* Data below:
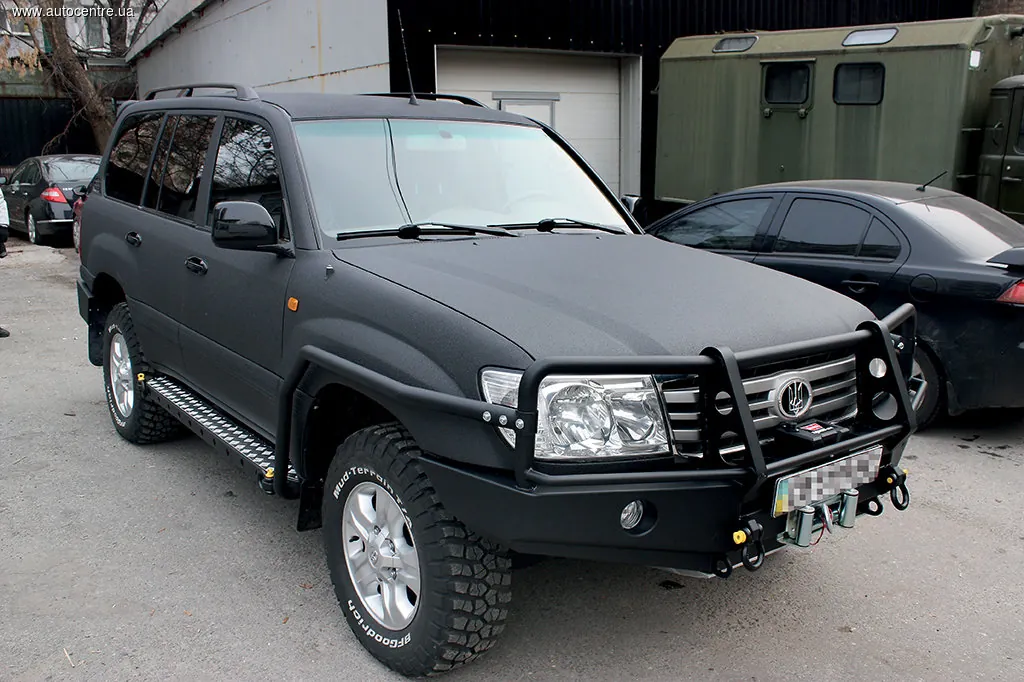 Экстерьер. Самое интересное здесь – полимерное покрытие кузова Line-X, нанесенное методом распыления прямо на заводскую краску. Слой застывшего полиуретана надежно защищает машину от царапин и ударов камнями, к тому же матовое фактурное покрытие не бликует, повышая маскировочные свойства транспортного средства. Кроме того, «сотка» получила стальные силовые бамперы, передний из которых несет электролебедку Warn и защитный отбойник из труб. Пороги из стального профиля и с нескользким покрытием служат одновременно защитой на бездорожье и подмогой при посадке в салон. На них же крепятся проушины, которые помогут вызволить машину из плена бездорожья. Снизу-спереди моторный отсек прикрыт экраном из 8-миллиметрового листа алюминия.
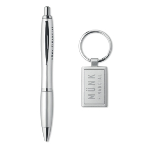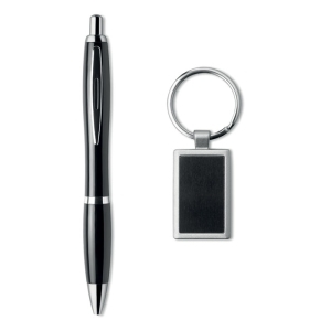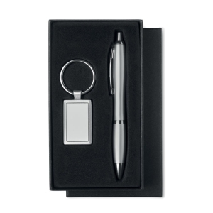 2-częściowy zestaw upominkowy w pudełku. Zawiera metalowy wykręcany długopis z detalami z poliestru RPET i brelok z poliestru RPET. Niebieski tusz.
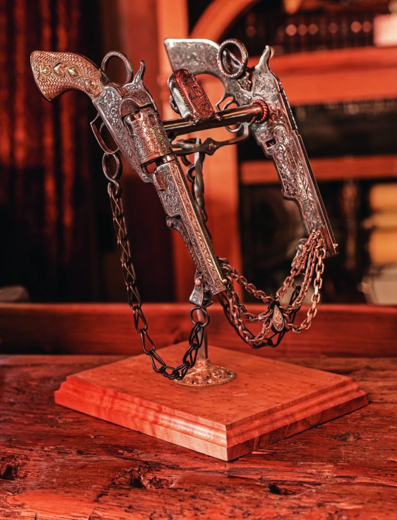 “The art-collecting community has come to value the work and artistry as we have. They’re learning it’s just as wonderful to take in the intricate designs on a bit or a buckle and the elaborate carving on a saddle as it is to see a beautiful painting on the wall or an interesting sculpture displayed on a pedestal. The appreciation has begun to settle in,” Nicholas says. “The nice thing about Western art is that it creates authenticity. When somebody has a home in Jackson and they’re leaning into more outdoor activities and an appreciation of the West, this traditional cowboy art brings the realism of the area to the interiors.”

* What you have to do: It would help to have the listing above repeated exactly, with all images removed.

* Solution below:
 Экстерьер. Самое интересное здесь – полимерное покрытие кузова Line-X, нанесенное методом распыления прямо на заводскую краску. Слой застывшего полиуретана надежно защищает машину от царапин и ударов камнями, к тому же матовое фактурное покрытие не бликует, повышая маскировочные свойства транспортного средства. Кроме того, «сотка» получила стальные силовые бамперы, передний из которых несет электролебедку Warn и защитный отбойник из труб. Пороги из стального профиля и с нескользким покрытием служат одновременно защитой на бездорожье и подмогой при посадке в салон. На них же крепятся проушины, которые помогут вызволить машину из плена бездорожья. Снизу-спереди моторный отсек прикрыт экраном из 8-миллиметрового листа алюминия.
 2-częściowy zestaw upominkowy w pudełku. Zawiera metalowy wykręcany długopis z detalami z poliestru RPET i brelok z poliestru RPET. Niebieski tusz.
 “The art-collecting community has come to value the work and artistry as we have. They’re learning it’s just as wonderful to take in the intricate designs on a bit or a buckle and the elaborate carving on a saddle as it is to see a beautiful painting on the wall or an interesting sculpture displayed on a pedestal. The appreciation has begun to settle in,” Nicholas says. “The nice thing about Western art is that it creates authenticity. When somebody has a home in Jackson and they’re leaning into more outdoor activities and an appreciation of the West, this traditional cowboy art brings the realism of the area to the interiors.”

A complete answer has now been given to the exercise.